Lena (29) wurde innerhalb weniger Wochen von einer Sportlerin zur chronisch kranken Frau

Lena, 29 Jahre alt, war schon immer sportlich. Sie spielte Tennis und Fußball, ging gern reiten und laufen. Im Februar 2023 lief sie ihren letzten Halbmarathon mit persönlicher Bestzeit von 1:33:11. Doch nur wenige Tage später änderte sich alles. Anfang März begann der Schwindel. Uns erzählte sie, was danach passierte…

Mit Schwindelanfällen fing alles an

„Mir wurde immer wieder schwindelig. Ein Schwindelanfall auf der Arbeit war so heftig, dass die Kollegen einen Krankenwagen riefen. Es wurde nichts gefunden. Diagnose: erste Panikattacke. Mitte März bis Ende März kamen dann heftige Rückenschmerzen hinzu, welche sich bis in Füße und Hände erstreckten. Ich war bereits beim Hausarzt in Behandlung und hatte um ein großes Blutbild mit Test auf Borreliose gebeten. Das Ergebnis teilte mir der Arzt telefonisch mit. Borreliose seit es nicht. Der IgG-Wert sei zwar positiv – ich hatte also Kontakt mit Borrelien, aber der IgM-Wert sei negativ. Ich hätte also keine akute Borreliose. Darüber bräuchte ich mir keine Sorgen zu machen. Borreliose sei es nicht. Vermutlich hätte ich ein HWS-Syndrom (Halswirbelsäule). Ich bekam ein Rezept für Physiotherapie und ging daraufhin in den nächsten Tagen nicht nur zu Physiotherapie, sondern auch zum Orthopäden, Internisten usw. An der Halswirbelsäule konnte nichts Auffälliges festgestellt werden, aber ich wurde trotzdem behandelt.

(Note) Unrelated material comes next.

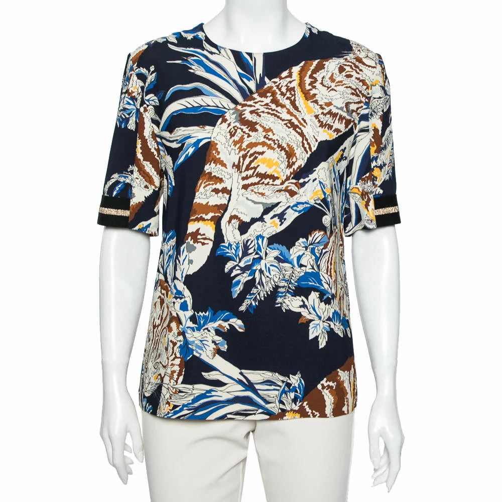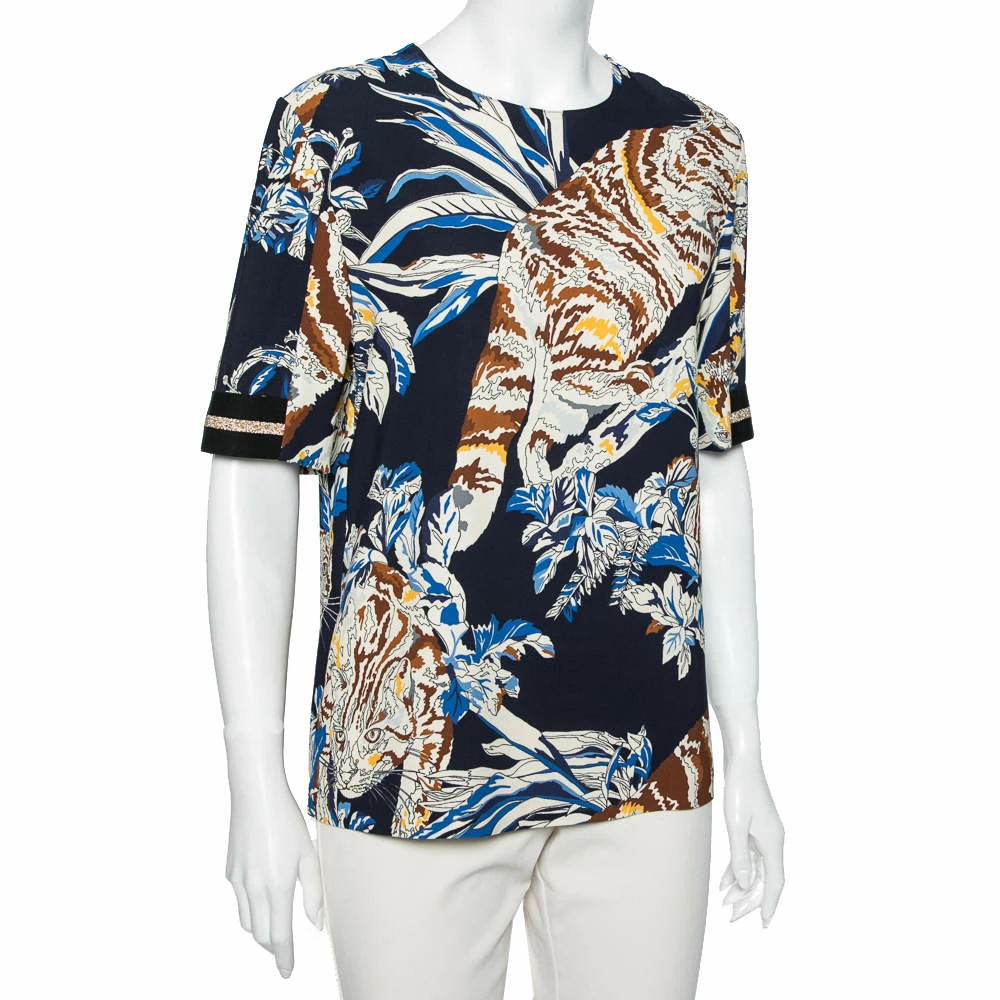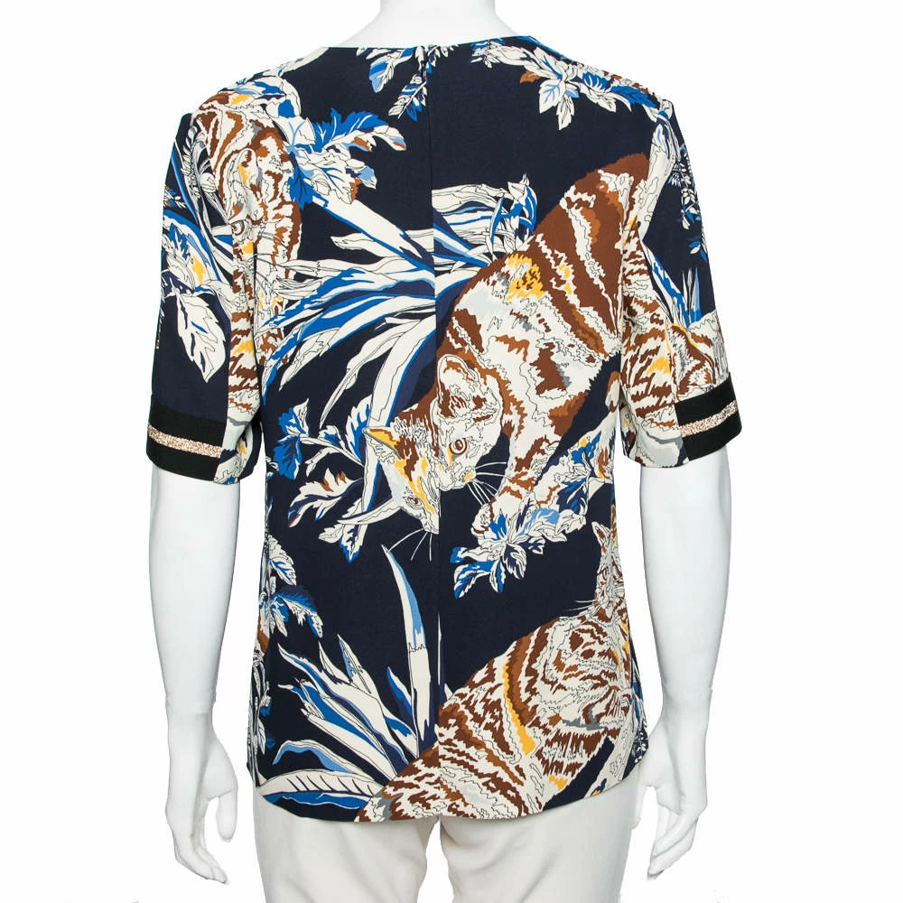 Add a pop of color to your casual ensemble by wearing this blouse from the House of Stella McCartney. Fashioned using quality fabrics, this blouse displays a chic style like none other. It is designed with cat prints all over. Complement this blouse with white pants and look gorgeous.

Bis Ende März ging es mir mal etwas schlechter, mal wieder etwas besser. Eines Nachts musste ich nochmals im in die Notaufnahme des Krankhauses, weil einfach nichts mehr ging. Mein Rücken tat so weh, ich konnte kaum laufen. Auch da kam nichts heraus. Die Blutwerte waren alle top. Man gab mir eine Infusion mit Schmerzmittel, aber die half nicht. Ende März teste ich dann eine Woche lang positiv auf Corona.

Erste Diagnose: Epstein-Barr-Virus

Anfang April ging ich zu einem anderen Hausarzt. Der diagnostizierte das Epstein-Barr-Virus (EBV). Es erschien wie eine Folge der Corona-Infektion und eine Lösung für meine Probleme. Allerdings hatte ich schon vor Corona diese heftigen Schwindelattacken und Gliederschmerzen etc. Trotzdem habe ich es nicht weiter hinterfragt. Ich wollte nur wieder gesund werden. Bei einer EBV-Erkrankung kann man aber nichts machen, außer sich genügend auszuruhen und das Immunsystem zu stärken.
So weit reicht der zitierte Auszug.